The agency's newly revised draft guidance on quality metrics ( 81 Fed. Reg. 85,226) makes the quality metrics program voluntary, backing away from the Food and Drug Administration’s original 2015 draft guidance that considered companies out of compliance if they didn’t submit the metrics.
“The biggest thing is that FDA is making this voluntary for the foreseeable future, " James R. Johnson, a partner with the Washington office of Hogan Lovells US LLP, told Bloomberg BNA in a Nov. 28 phone call.
The voluntary program, the first phase of which won’t be completed until 2018, and the reduced number of metrics to be collected appear to respond to concerns the industry expressed over the FDA’s original draft of the quality metrics guidance, released in July 2015 (80 Fed. Reg. 44,973).
Quality metrics are used throughout the pharmaceutical industry to monitor quality control systems and improve drug manufacturing. The FDA wants to use the metrics to help identify which companies are lower risk and which ones merit more FDA attention and inspections. The agency also hopes metrics will encourage state-of-the-art, innovative quality management systems.
The carrot for submitting the metrics is fewer FDA inspections, Johnson said, and the stick is getting more frequent inspections. Before joining Hogan Lovells, Johnson was associate chief counsel for enforcement in the FDA's Office of Chief Counsel.
The latest version of the quality metrics guidance is “a kind of redo” of the 2015 version, Johnson said.
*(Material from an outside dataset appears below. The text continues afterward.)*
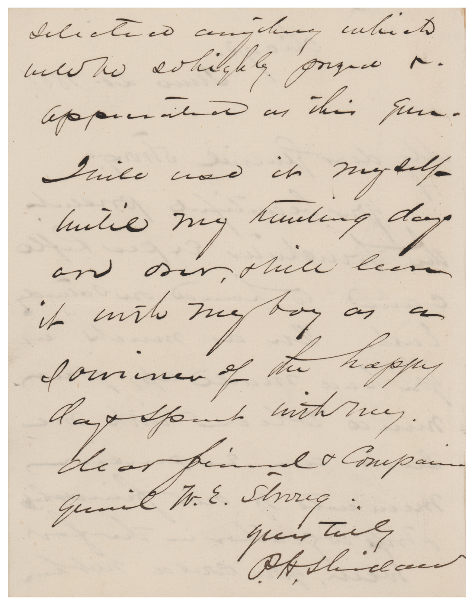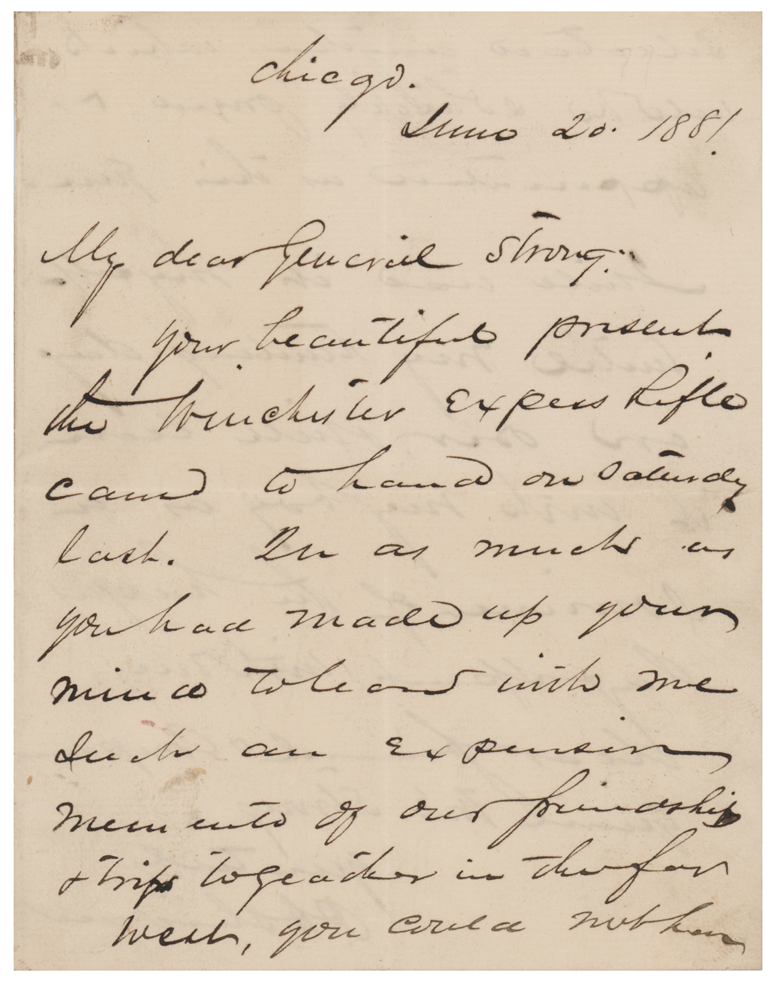 ALS signed “P. H. Sheridan,” one page both sides, 5 x 6.5, June 20, 1881. Handwritten letter to "General Strong," in part: "Your beautiful present the Winchester Express Rifle came to hand on Saturday last. In as much as you had made up your mind to leave with me such an expression?of our friendship & trips together in the far west, you could not have selected anything which will be so highly prized and appreciated as this gun. I will use it myself until my hunting days are over, & will leave it unto my boy as a souvenir of the happy days spent with my very dear friend & companion Gen'l W. E. Strong." In fine condition.

The 2015 version was broadly criticized by the drug industry.
“I absolutely think this guidance is an indication of FDA wanting to jump on the brakes a bit with regard to quality metrics,” Johnson said. The new guidance recognizes that questions exist about whether the agency has the legal authority to require companies to create new documents and also recognizes that the program will require extensive agency resources.
“They were right to walk it back,” Johnson said. The FDA may have recognized its “original guidance was a bit too aggressive,” he added.
The drug industry had extensive issues with the 2015 draft guidance, including concerns the FDA didn’t have the legal authority to require companies to create additional documents for the program.
Under the 2015 guidance, the FDA could treat a company’s refusal to submit the metrics as an inspectional refusal, with the attendant consequence of deeming the company’s products as adulterated.
“There’s no mention of that in the new guidance,” Johnson said.
Comments on the revised draft guidance are due Jan. 24, 2017.
The drug industry also worries it will have to devote immense resources to creating data metrics documents at the expense of quality oversight. The newest guidance tries to address that burden.
The FDA asks for fewer metrics under the revised guidance, but collection still will require substantial company resources and time, Johnson said.
“The FDA draft guidance streamlines a lot of what they’re asking for, Johnson said. “They’re really trying to make it as easy as possible, but even then, it’s still going to be burdensome.”
Participating in the new program is voluntary, but the agency will publish companies’ submissions. If a company isn’t listed as participating, it may raise an underlying question of why the company isn’t submitting the data, Johnson said.
The revised guidance also clarifies quality metrics data definitions, adds comment fields and further defines reporting considerations.
“What the guidance really doesn’t talk about,” he said, “is how metrics can vary by product type.”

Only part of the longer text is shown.